**WHAT THE TASK ASKS:** Whenever a line below includes the string "with", show it.

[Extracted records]
-- -- --

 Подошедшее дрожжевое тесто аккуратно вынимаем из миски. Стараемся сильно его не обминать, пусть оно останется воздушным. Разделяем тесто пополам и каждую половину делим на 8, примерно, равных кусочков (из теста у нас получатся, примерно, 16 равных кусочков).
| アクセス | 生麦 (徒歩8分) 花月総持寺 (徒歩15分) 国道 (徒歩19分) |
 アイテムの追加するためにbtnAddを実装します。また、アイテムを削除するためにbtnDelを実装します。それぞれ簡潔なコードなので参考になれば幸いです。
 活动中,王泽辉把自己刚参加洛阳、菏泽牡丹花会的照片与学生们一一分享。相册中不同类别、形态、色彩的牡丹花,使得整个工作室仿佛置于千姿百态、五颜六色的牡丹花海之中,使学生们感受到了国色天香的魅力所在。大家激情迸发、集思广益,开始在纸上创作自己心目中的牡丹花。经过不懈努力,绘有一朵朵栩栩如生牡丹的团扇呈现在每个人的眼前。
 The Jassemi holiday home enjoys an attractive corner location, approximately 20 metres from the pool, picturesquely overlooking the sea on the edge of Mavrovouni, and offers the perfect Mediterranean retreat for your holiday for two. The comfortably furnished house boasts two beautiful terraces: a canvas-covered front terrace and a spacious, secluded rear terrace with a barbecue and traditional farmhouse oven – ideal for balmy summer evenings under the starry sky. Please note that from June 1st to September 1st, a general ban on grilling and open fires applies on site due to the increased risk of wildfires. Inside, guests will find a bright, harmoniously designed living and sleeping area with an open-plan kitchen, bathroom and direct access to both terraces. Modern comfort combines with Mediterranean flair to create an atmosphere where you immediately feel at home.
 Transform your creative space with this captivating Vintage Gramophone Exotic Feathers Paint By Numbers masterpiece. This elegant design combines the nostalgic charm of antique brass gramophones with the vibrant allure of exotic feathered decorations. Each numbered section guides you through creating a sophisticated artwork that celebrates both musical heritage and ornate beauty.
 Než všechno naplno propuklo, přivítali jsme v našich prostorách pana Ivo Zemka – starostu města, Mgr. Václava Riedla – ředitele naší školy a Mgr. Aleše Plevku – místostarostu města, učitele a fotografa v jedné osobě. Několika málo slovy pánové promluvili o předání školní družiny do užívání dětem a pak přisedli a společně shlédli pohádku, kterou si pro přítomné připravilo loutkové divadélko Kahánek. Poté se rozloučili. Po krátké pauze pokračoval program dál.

-- -- --

**TASK OUTPUT:**
 The Jassemi holiday home enjoys an attractive corner location, approximately 20 metres from the pool, picturesquely overlooking the sea on the edge of Mavrovouni, and offers the perfect Mediterranean retreat for your holiday for two. The comfortably furnished house boasts two beautiful terraces: a canvas-covered front terrace and a spacious, secluded rear terrace with a barbecue and traditional farmhouse oven – ideal for balmy summer evenings under the starry sky. Please note that from June 1st to September 1st, a general ban on grilling and open fires applies on site due to the increased risk of wildfires. Inside, guests will find a bright, harmoniously designed living and sleeping area with an open-plan kitchen, bathroom and direct access to both terraces. Modern comfort combines with Mediterranean flair to create an atmosphere where you immediately feel at home.
 Transform your creative space with this captivating Vintage Gramophone Exotic Feathers Paint By Numbers masterpiece. This elegant design combines the nostalgic charm of antique brass gramophones with the vibrant allure of exotic feathered decorations. Each numbered section guides you through creating a sophisticated artwork that celebrates both musical heritage and ornate beauty.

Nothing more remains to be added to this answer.